在程序中直接包含NVML的头文件和lib文件即可:

#include "nvml.h"

#pragma  comment(lib,"nvml.lib")

注意64位系统应该建立x64工程,因为在安装的CUDA中没有win32的nvml.lib。

2.NVML查询显卡信息

常用函数:

·nvmlInit()函数初始化NVML;

·nvmlDeviceGetCount(unsigned int *deviceCount)函数可以获得显卡数;

·nvmlDeviceGetHandleByIndex(unsigned int index, nvmlDevice_t *device)获取设备;

·nvmlDeviceGetName(nvmlDevice_t device, char *name, unsigned int length)查询设备的名称;

·nvmlDeviceGetPciInfo(nvmlDevice_t device, nvmlPciInfo_t *pci)获取PCI信息,对这个函数的重要性,例子中是这么说的

// pci.busId is very useful to know which device physically you're talking to
            // Using PCI identifier you can also match nvmlDevice handle to CUDA device.

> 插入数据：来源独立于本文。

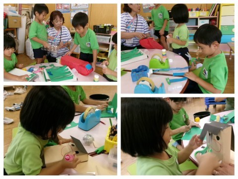 おやつの後は物づくりを楽しんでいました。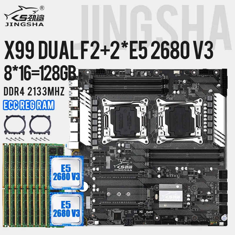 JINGSHA X99 dual F2 CPU motherboard Комплект материнская плата набор пк с Intel Xeon E5 2680 V3, двойной ЦПУ + 8 * DDR4 16 Гб 2133MH ECC REG, комбинированная Серверная материнская плата
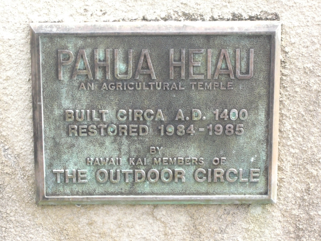 ハワイカイの閑静な住宅地の奥に忽然と現れるこのヘイアウは、かつて農耕の祭事をとりおこなう場所であった。整然と並べられた美しい石垣と、ヘイアウを覆うように生い茂る緑のコントラストが美しい。このヘイアウはハワイカイの高台にあり、現在も高級住宅地として栄えるハワイカイの風水的立地の良さを実感できる場所でもあり、それにより昔からこの地がパワーを持っていたことをうかがい知る事が出来る場所でもある。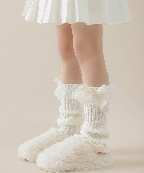 レースとリボンがかわいらしいレッグウォーマー。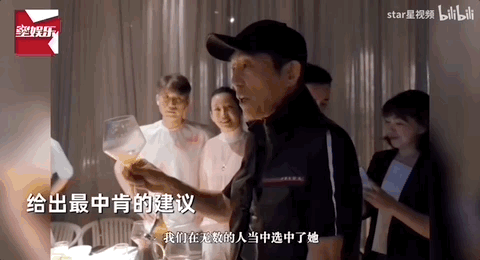 张艺谋举杯当着在场包括秦海璐、于和伟在内的老戏骨,嘱咐刘浩存,你是我们从无数人中选出来的,在场的资深演员都是你学习的榜样。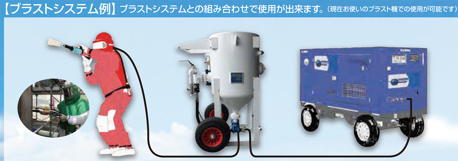リユースブラスト コンプレッサの圧力は、ノズルまでの距離に応じて0.7~1.4MPaの範囲内で自由に可変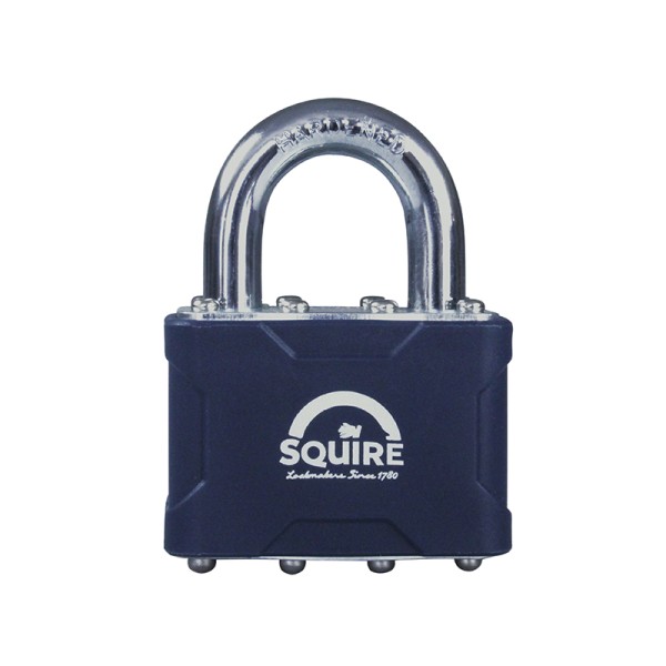 The Squire Stronglock Laminated Padlocks are a medium to high security durable padlock, with a hardened steel shackle with a covered steel padlock body with anti corrosion finish. The 4-pin tumbler lock mechanism gives over 1,000 key variations.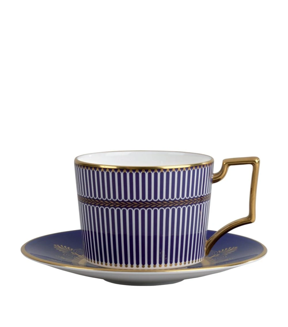 With its rich cobalt blues, lavish gold trims and exquisite Greek-inspired borders, the Anthemion Blue collection from Wedgwood is a masterclass in luxurious English tableware. Featuring traditional colonnades and classic laurel tree motifs, this teacup has been handcrafted from fine bone china adding an extravagant edge to afternoon tea.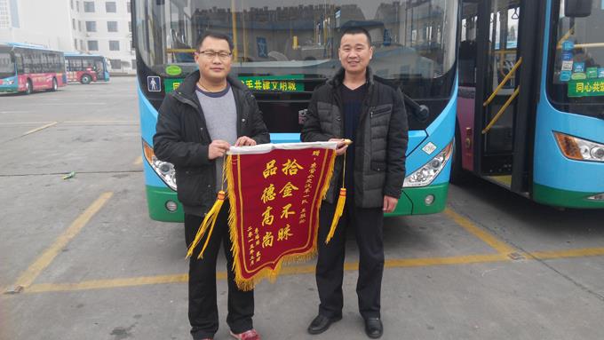 3月8日,萊商銀行的李先生拿著一面寫(xiě)有“拾金不昧、品德高尚”的錦旗來(lái)到市公交公司汽車(chē)一隊(duì),感謝3路駕駛員王勝松師傅拾金不昧的高尚品德。據(jù)車(chē)隊(duì)了解得知,2月13日晚上19時(shí),李先生乘坐王勝松師傅駕駛的3路車(chē)來(lái)到東城,下車(chē)后發(fā)現(xiàn)裝有1600元現(xiàn)金和多張銀行卡的錢(qián)包忘在公交車(chē)上。次日,李先生抱著試試看的想法來(lái)到市公交公司汽車(chē)一隊(duì),詢問(wèn)得知駕駛員王勝松師傅已將裝有1600元現(xiàn)金的錢(qián)包上繳車(chē)隊(duì),車(chē)隊(duì)工作人員也在想辦法聯(lián)系失主。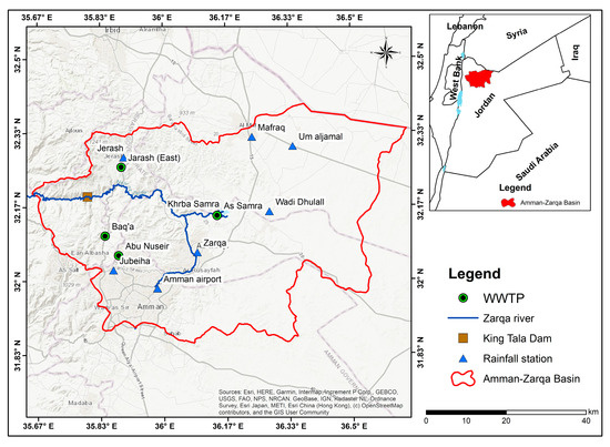 - Amdar, N.; Seyoum, S.; Al-Bakri, J.; Rutten, M.; Jewitt, G.; Mul, M. Developing a water budget for the Amman-Zarqa basin using water accounting plus and the pixel-based soil water balance model. Model Earth Syst. Environ. 2024, 10, 6997–7017. [Google Scholar] [CrossRef]

·nvmlDeviceGetComputeMode(nvmlDevice_t device, nvmlComputeMode_t *mode)得到显卡当前所处的模式,模式由以下:

typedef enum nvmlComputeMode_enum
{
    NVML_COMPUTEMODE_DEFAULT           = 0,  //!< Default compute mode -- multiple contexts per device
    NVML_COMPUTEMODE_EXCLUSIVE_THREAD  = 1,  //!< Support Removed
    NVML_COMPUTEMODE_PROHIBITED        = 2,  //!< Compute-prohibited mode -- no contexts per device
    NVML_COMPUTEMODE_EXCLUSIVE_PROCESS = 3,  //!< Compute-exclusive-process mode -- only one context per device, usable from multiple threads at a time
   
    // Keep this last
    NVML_COMPUTEMODE_COUNT
} nvmlComputeMode_t;

·nvmlDeviceSetComputeMode(nvmlDevice_t device, nvmlComputeMode_t mode)可以修改显卡的模式;

·nvmlDeviceGetTemperatureThreshold(nvmlDevice_t device, nvmlTemperatureThresholds_t thresholdType, unsigned int *temp)查询温度阈值,具体有两种:

typedef enum nvmlTemperatureThresholds_enum
{
    NVML_TEMPERATURE_THRESHOLD_SHUTDOWN = 0,    // Temperature at which the GPU will shut down for HW protection
    NVML_TEMPERATURE_THRESHOLD_SLOWDOWN = 1,    // Temperature at which the GPU will begin slowdown
    // Keep this last
    NVML_TEMPERATURE_THRESHOLD_COUNT
} nvmlTemperatureThresholds_t;

当温度达到NVML_TEMPERATURE_THRESHOLD_SHUTDOWN 参数获取的温度时,显卡将自动关闭以保护硬件;当温度达到NVML_TEMPERATURE_THRESHOLD_SLOWDOWN参数获取的温度时,显卡的性能将下降。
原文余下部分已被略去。